Task statement -
Keeping pictures out of the copy, restate each record word for word.

(Records from a data collection)
___
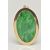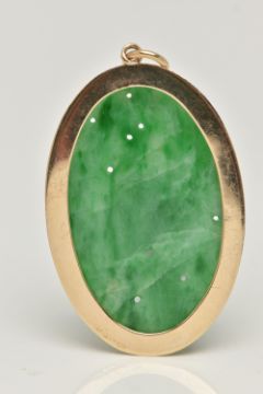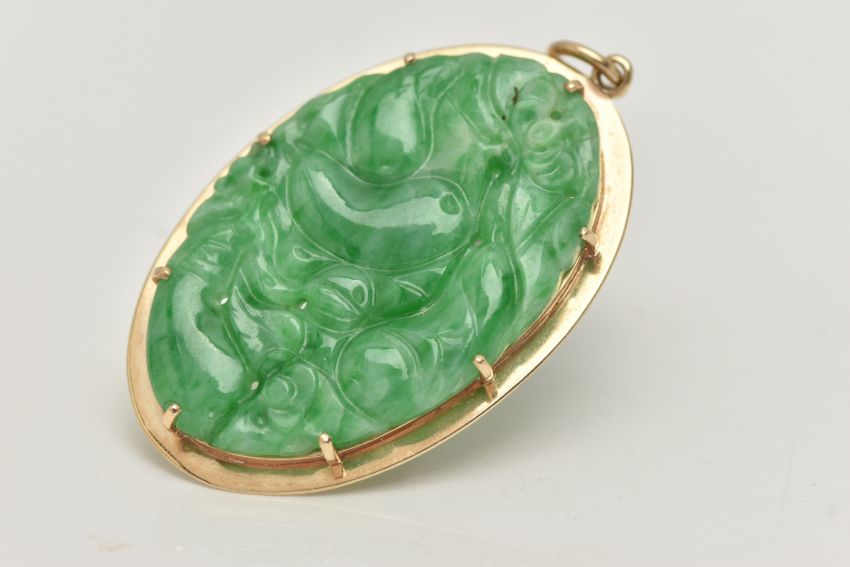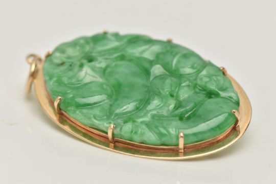 A 9CT GOLD CARVED JADE PENDANT, the oval jade panel carved to depict flowers, foliage and possibly fish, claw set in an oval mount, 9ct hallmark for London 1990, approximate length 48mm, approximate weight 8.2 grams (overall good condition, a few fine hairline cracks to the reverse)
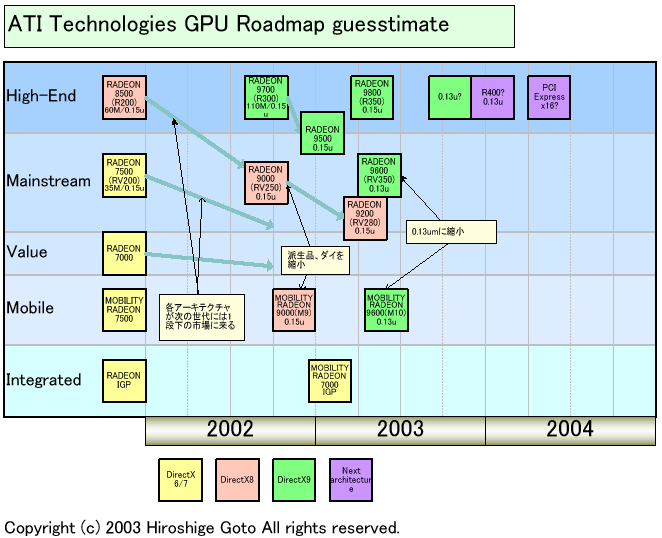 지포스와 라데온의 성능 차이는 대부분 쉐이더를 어디까지 적용했느냐에 따라 다르게 나타나고 있다. 픽셀 쉐이더 1.1 수준에서는 지포스 FX5950울트라가 전반적으로 뛰어난 모습을 보이지만 1.4 이상, 특히 2.0에서는 라데온의 높은 성능이 두드러진다. 이러한 현상은 지포스와 라데온의 버텍스 쉐이더 구조 차이에서 비롯된다.
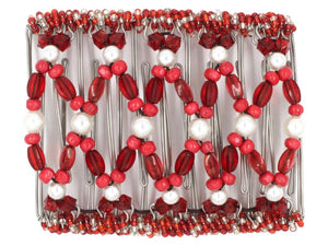 This 11 Tong Wire Hair Clip features small and large white pearls, red wood beads, and lots of dark red translucent acrylic beads. Yummy candy cane seed beads are sprinkled on the edges of the hair clip. What a perfect hair clip for Christmas or Valentine's Day!
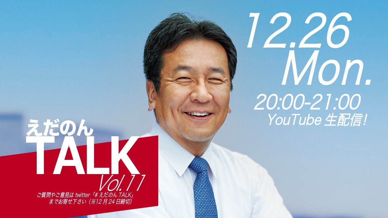 多くの皆さんに、YouTube枝野幸男チャンネルの登録と、「えだのんTALK」のご視聴、#えだのんTALK への投稿をいただきますよう、お願いいたします。
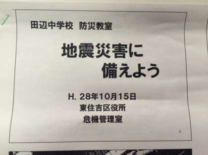 地域の防災リーダーさん、東住吉区役所、東住吉消防署、大阪市危機管理室と連携して『防災教室』を開催しました。
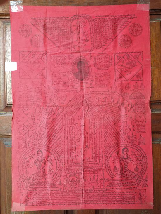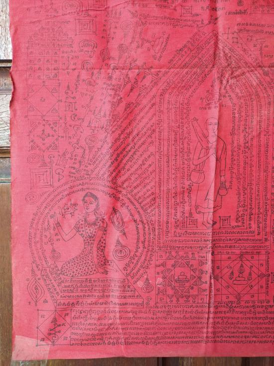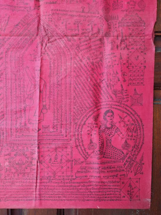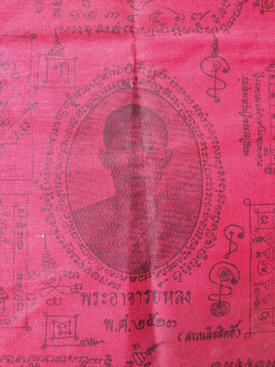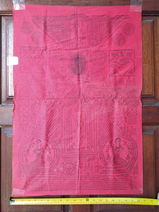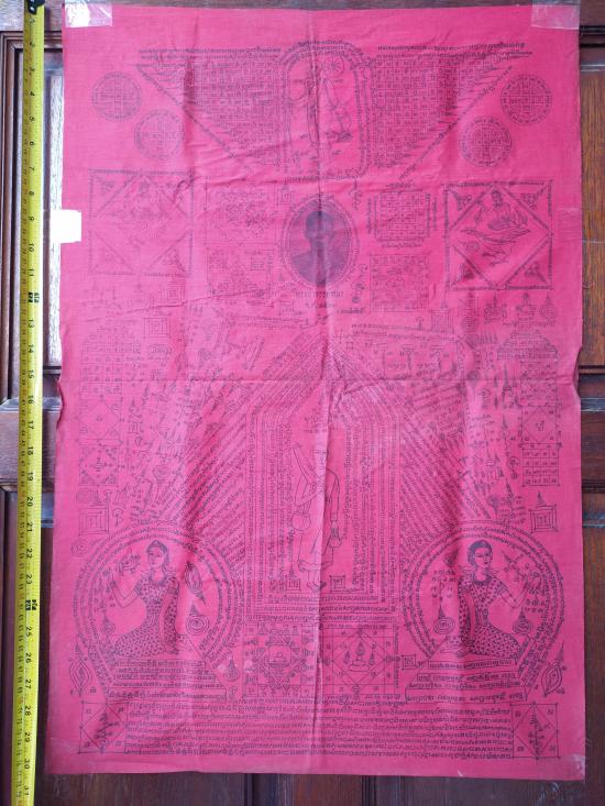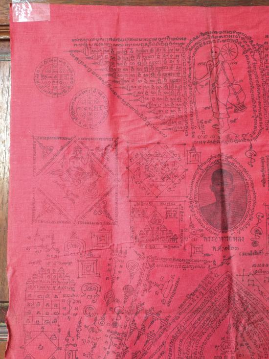 แต่ผืนจริงไม่ซีดครับ (สีแดงสดแบบรูปเต็มรูปแรกเลย) หมึกพิมพ์ยันต์อักขระติดชัดทั้งหมด ไม่จาง เจ้าของเก็บพับเดิม ๆ ไม่เคยใช้ครับ
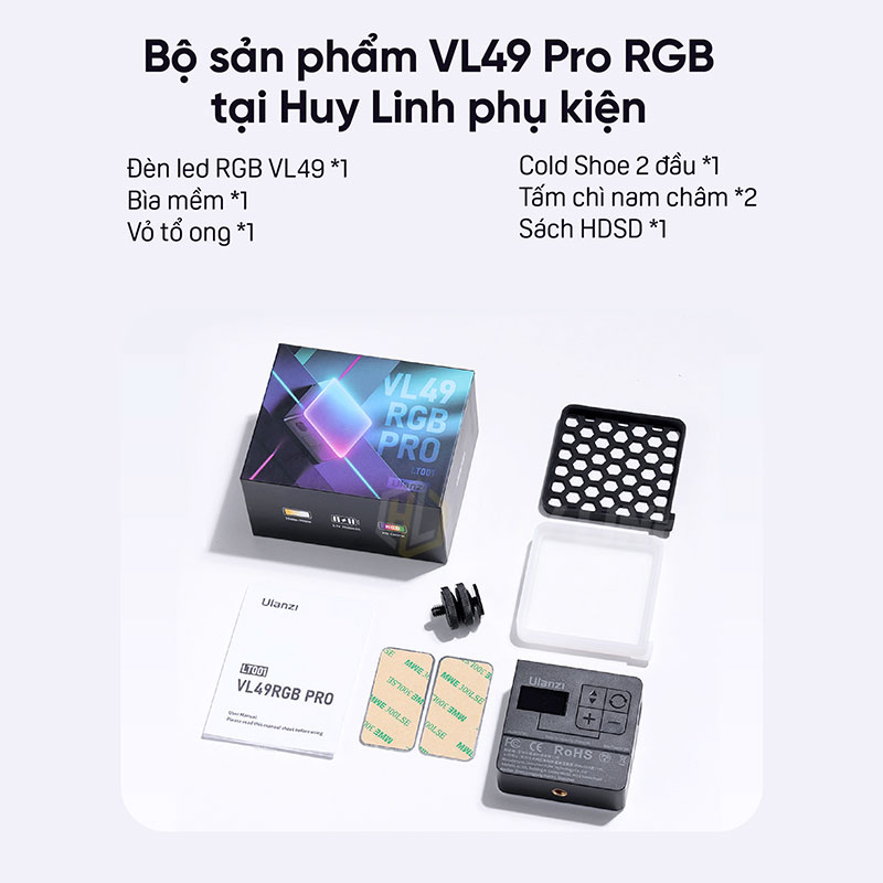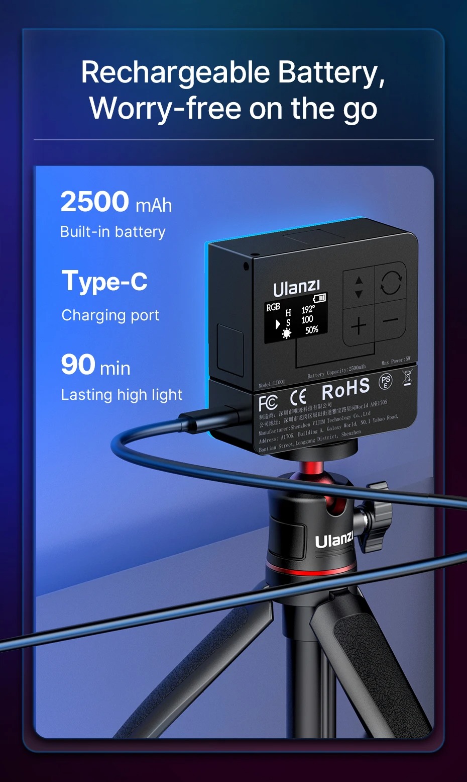 Ulanzi LT001 (Model Ulanzi VL49 Pro RGB) là mẫu đèn led Studio nhỏ gọn mới nhất từ Brand này trong năm 2023 ngoài ra các mẫu công suất lớn hơn có thể kể đến như Ulanzi LT002, Ulanzi LT003
___
Output below -
 A 9CT GOLD CARVED JADE PENDANT, the oval jade panel carved to depict flowers, foliage and possibly fish, claw set in an oval mount, 9ct hallmark for London 1990, approximate length 48mm, approximate weight 8.2 grams (overall good condition, a few fine hairline cracks to the reverse)
 지포스와 라데온의 성능 차이는 대부분 쉐이더를 어디까지 적용했느냐에 따라 다르게 나타나고 있다. 픽셀 쉐이더 1.1 수준에서는 지포스 FX5950울트라가 전반적으로 뛰어난 모습을 보이지만 1.4 이상, 특히 2.0에서는 라데온의 높은 성능이 두드러진다. 이러한 현상은 지포스와 라데온의 버텍스 쉐이더 구조 차이에서 비롯된다.
 This 11 Tong Wire Hair Clip features small and large white pearls, red wood beads, and lots of dark red translucent acrylic beads. Yummy candy cane seed beads are sprinkled on the edges of the hair clip. What a perfect hair clip for Christmas or Valentine's Day!
 多くの皆さんに、YouTube枝野幸男チャンネルの登録と、「えだのんTALK」のご視聴、#えだのんTALK への投稿をいただきますよう、お願いいたします。
 地域の防災リーダーさん、東住吉区役所、東住吉消防署、大阪市危機管理室と連携して『防災教室』を開催しました。
 แต่ผืนจริงไม่ซีดครับ (สีแดงสดแบบรูปเต็มรูปแรกเลย) หมึกพิมพ์ยันต์อักขระติดชัดทั้งหมด ไม่จาง เจ้าของเก็บพับเดิม ๆ ไม่เคยใช้ครับ
 Ulanzi LT001 (Model Ulanzi VL49 Pro RGB) là mẫu đèn led Studio nhỏ gọn mới nhất từ Brand này trong năm 2023 ngoài ra các mẫu công suất lớn hơn có thể kể đến như Ulanzi LT002, Ulanzi LT003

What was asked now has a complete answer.